Después de Ablynx, ha habido otros avances discretos en el trabajo con llamas. El vencimiento reciente de la patente de Hamers ha permitido que se realicen más investigaciones con anticuerpos de camélidos, que en la actualidad se suelen reproducir con ayuda de levaduras modificadas genéticamente. Antes de que las llamas se convirtieran en potenciales heroínas de la pandemia causada por el coronavirus, varios estudios exploraron la capacidad de sus anticuerpos para detectar enfermedades infecciosas. Un informe de 2010 consideraba la posibilidad de reclutar a las llamas como “soldados en la guerra contra el terrorismo” y usar sus anticuerpos para identificar armas biológicas. El uso de estos anticuerpos para el diseño de tratamientos se complementa con el interés en su potencial como biomarcadores o marcadores biológicos. Al adherirse a antígenos moleculares específicos mejor que los anticuerpos convencionales y permanecer en la sangre por menos tiempo, el uso de nanoanticuerpos como marcadores biológicos abre la puerta a la “detección no invasiva” de cáncer y otras enfermedades. Los anticuerpos de llama también se han usado para cristalizar proteínas inestables, incluyendo el trabajo sobre los receptores acoplados a la proteína G merecedor del Premio Nobel de Química en 2012. Mientras los anticuerpos de llama transitaban los ciclos prometedores de entusiasmo y esperanza que caracterizan a la industria farmacéutica contemporánea, los avances y comunicados de prensa devenían en patentes.

Durante la última década, las investigaciones han demostrado que, como parte de un sutil e irónico giro histórico, los nanoanticuerpos podrían usarse en tratamientos novedosos para el VIH o para combatir las gripes. Este último hallazgo, combinado con la conciencia de que los camellos fungen como reservorios de enfermedades como el MERS, sirve para explicar la peculiar prominencia de las llamas en la lucha contra el SARS-CoV-2. Hace lo que parece una eternidad, en noviembre de 2018, Melissa Healy publicó un reportaje en Los Angeles Times donde afirmaba que investigaciones con anticuerpos nuevos podrían sentar las bases para una “vacuna universal contra la influenza” basada en la investigación con llamas. Anthony Fauci, quien desde antes de convertirse en una celebridad de las conferencias de prensa de la Casa Blanca era miembro de los Institutos Nacionales de Salud de Estados Unidos, “se quitó el sombrero ante este nuevo estudio”. No obstante, esa vacuna, como buena parte del biocapital camélido, sigue siendo un plan a futuro. En tono bromista, un reportaje que apareció en 2018 en Nova, publicación de PBS, señalaba que “si el camino de la llama al laboratorio fue largo…, el que aún queda por recorrer puede ser igual de incandescente”.

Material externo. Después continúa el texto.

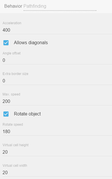 El comportamiento de búsqueda de rutas nos permite mover objetos a un destino seleccionado, así como marcar elementos como obstáculos. Los objetos que están marcados como obstáculos serán evitados por los objetos en movimiento.
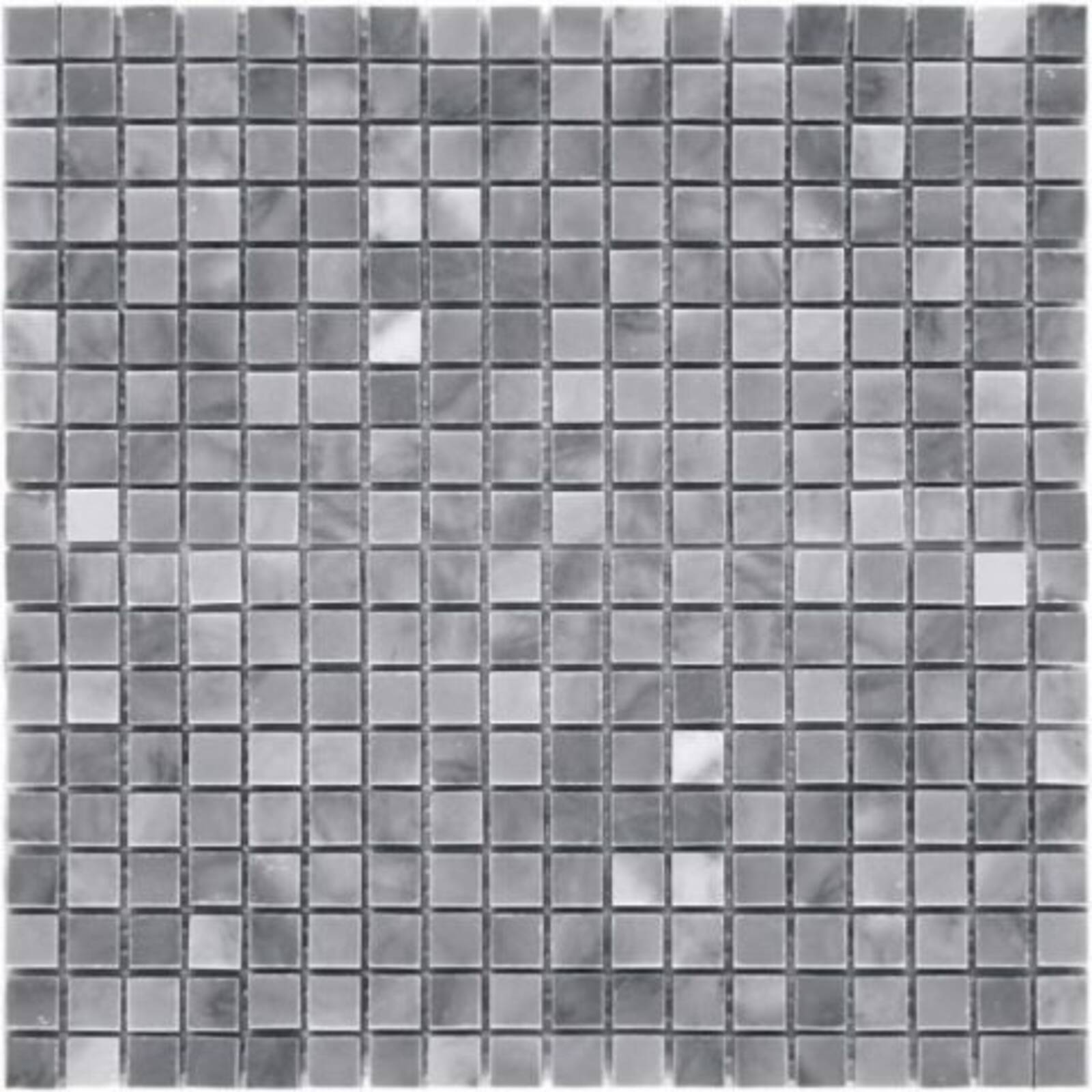 Мозаика из натурального камня серии Adriatica состоит из маленьких кусочков размером 15х15 мм. Полотно 305х305 выполнено из полированного серого мрамора с характерным рисунком. Такую мозаику можно использовать в различных помещениях, она прослужит гарантированно долго и не поменяет своих свойств.
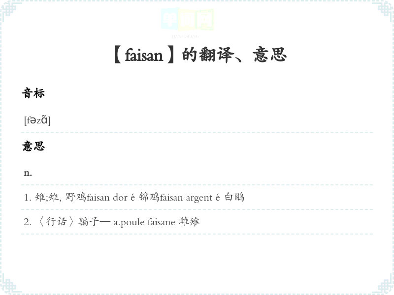 雉;雉, 野鸡faisan doré锦鸡faisan argenté白鹇
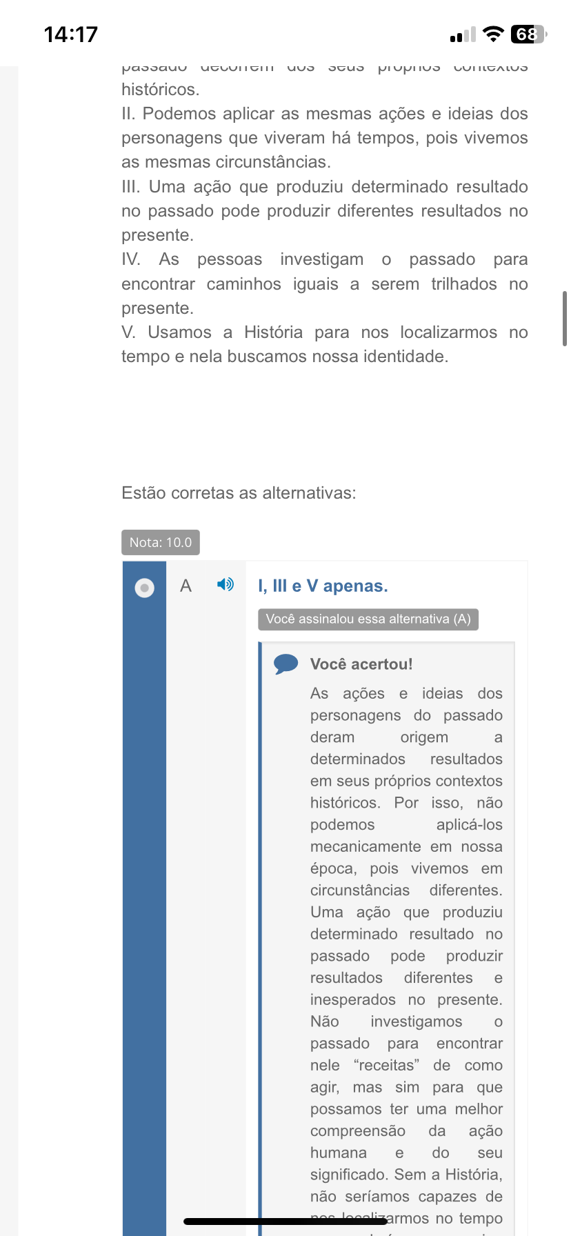 14:17 68 históricos. II. Podemos aplicar as mesmas ações e ideias dos personagens que viveram há tempos, pois vivemos as mesmas circunstâncias. III. Uma ação que produziu determinado resultado no passado pode produzir diferentes resultados no presente. IV. As pessoas investigam o passado para encontrar caminhos iguais a serem trilhados no presente. V. Usamos a História para nos localizarmos no tempo e nela buscamos nossa identidade. Estão corretas as alternativas: Nota: 10.0 A I, III e V apenas. Você assinalou essa alternativa (A) Você acertou! As ações e ideias dos personagens do passado deram origem a determinados resultados em seus próprios contextos históricos. Por isso, não podemos aplicá-los mecanicamente em nossa época, pois vivemos em circunstâncias diferentes. Uma ação que produziu determinado resultado no passado pode produzir resultados diferentes e inesperados no presente. Não investigamos passado para encontrar nele "receitas" de como agir, mas sim para que possamos ter uma melhor compreensão da ação humana e do seu significado. Sem a História, não seríamos capazes de armos no tempo
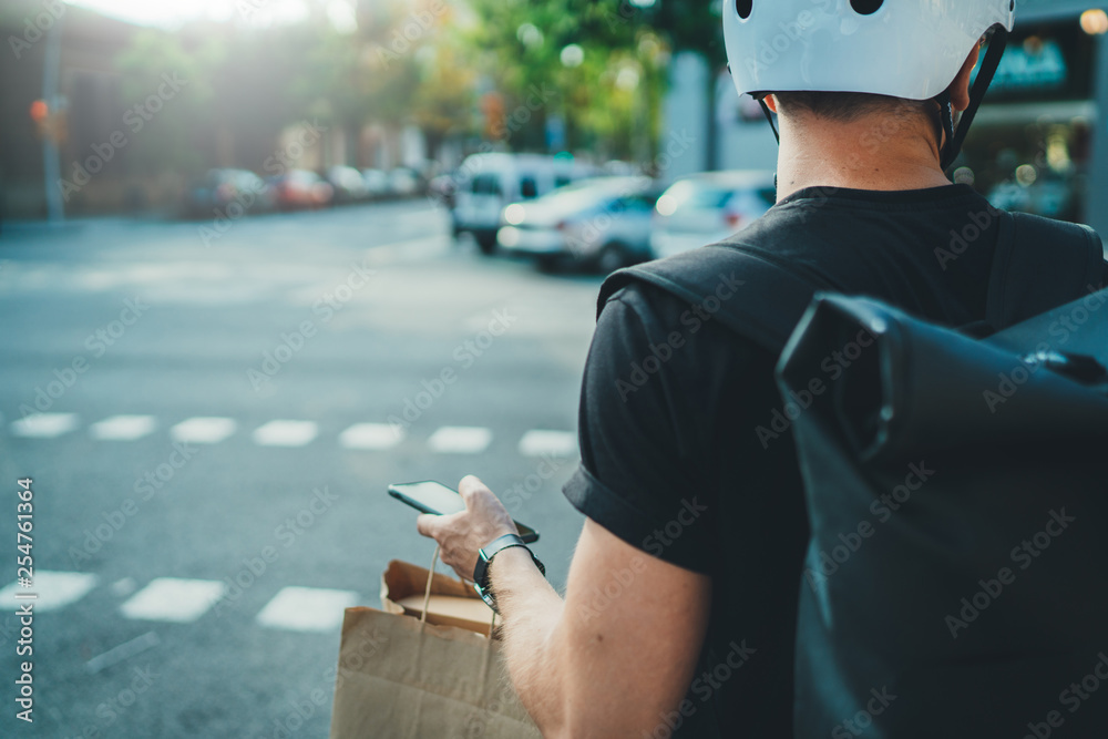 Man courier using a map app on mobile phone to find the delivery address in the city. Anonimous Courier delivery food service at home
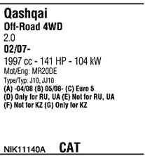WALKER NIK11140A Система выпуска ОГ
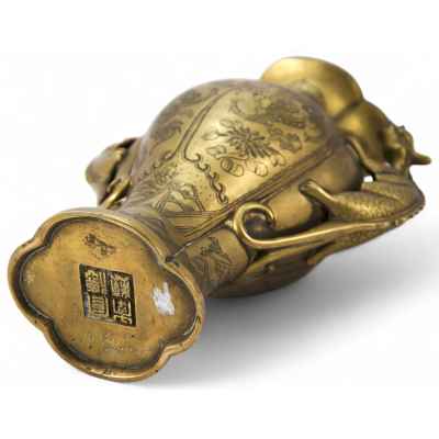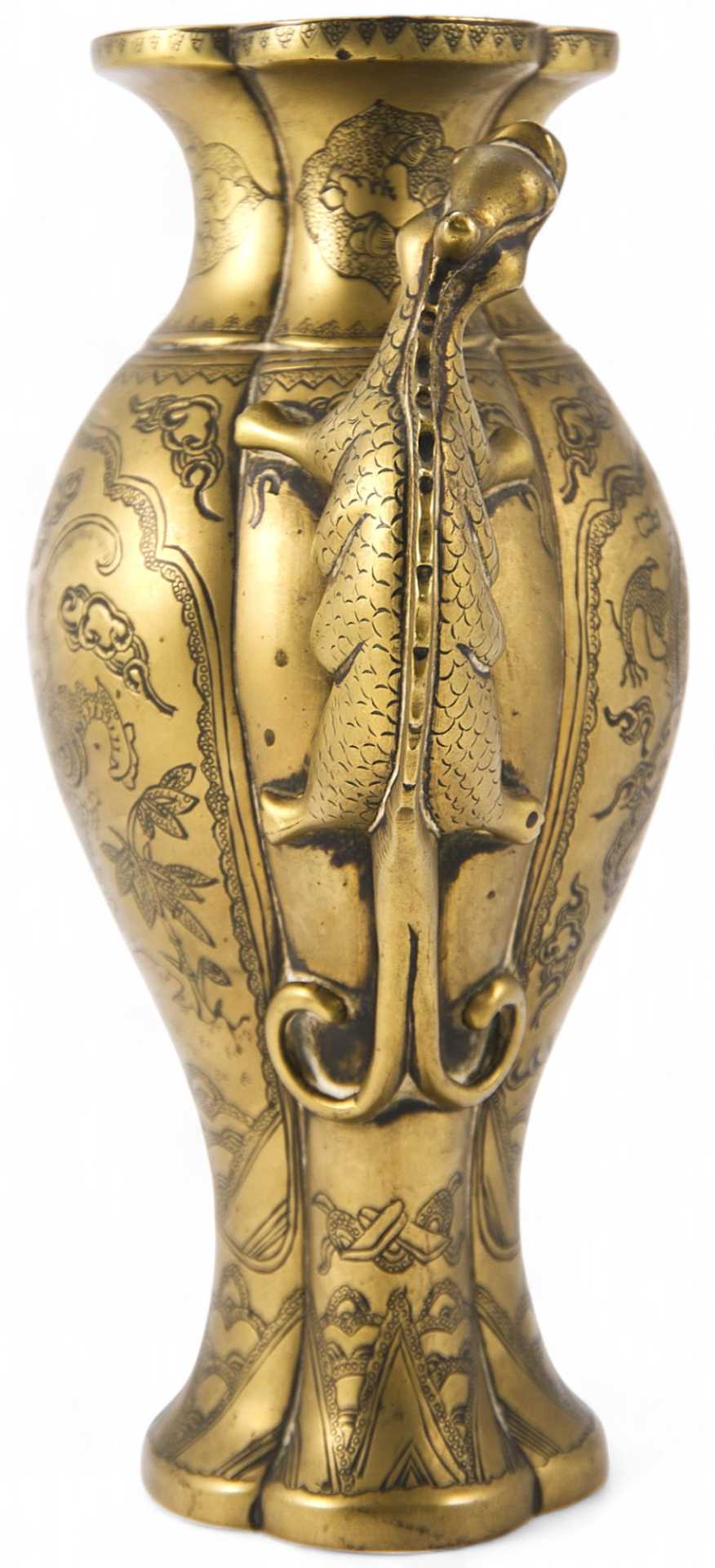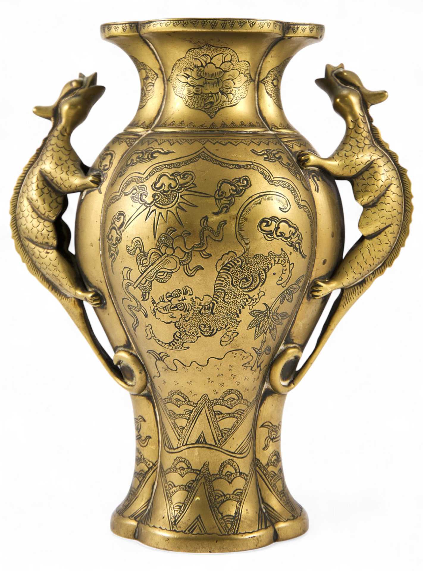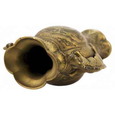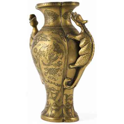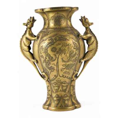 Бронзовая ваза, украшенная изображениями драконов в технике гравировки. Ваза — символ мира и гармонии.
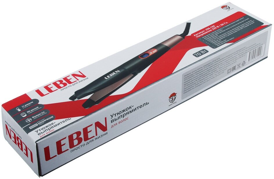 Type: straightener, coating: ceramic, type of curling iron: curling iron, purpose: straightening, curling, styling, maximum heating temperature: 200 °C, number of heating modes: 11, power: 70 W, features: display

Como sea, el ciclo ha continuado: en diciembre de 2020, los Institutos Nacionales de Salud anunciaron el hallazgo de anticuerpos prometedores contra la covid-19, aislados de una llama nombrada “Cormac”. Esa fue la primera actualización significativa en materia de esperanzas camélidas desde principios de año. Un mes después, un grupo de investigación internacional dio a conocer en la revista Science que había diseñado un potencial tratamiento basado en nanoanticuerpos de llama. Exevir, una empresa emergente conformada en 2020 por gente de la Vrije Universiteit Brussel que planea usar nanoanticuerpos contra la covid-19, reunió cincuenta millones de dólares en su primera ronda de financiación y arrancó la primera fase de ensayos clínicos en humanos apenas en agosto pasado. No obstante, las vacunas de Pfizer, Moderna o Johnson and Johnson no están hechas con sangre de camélidos. El llameante futuro en el que los anticuerpos de llama se volverán materia prima de vacunas y tratamientos capaces de curar todo, desde un resfriado común hasta las peores pandemias mundiales, sigue estando fuera de nuestro alcance. No obstante, sin importar si su momento llegará pronto o después de varias décadas de espera, el prometedor potencial del biocapital camélido no da indicios de apagarse.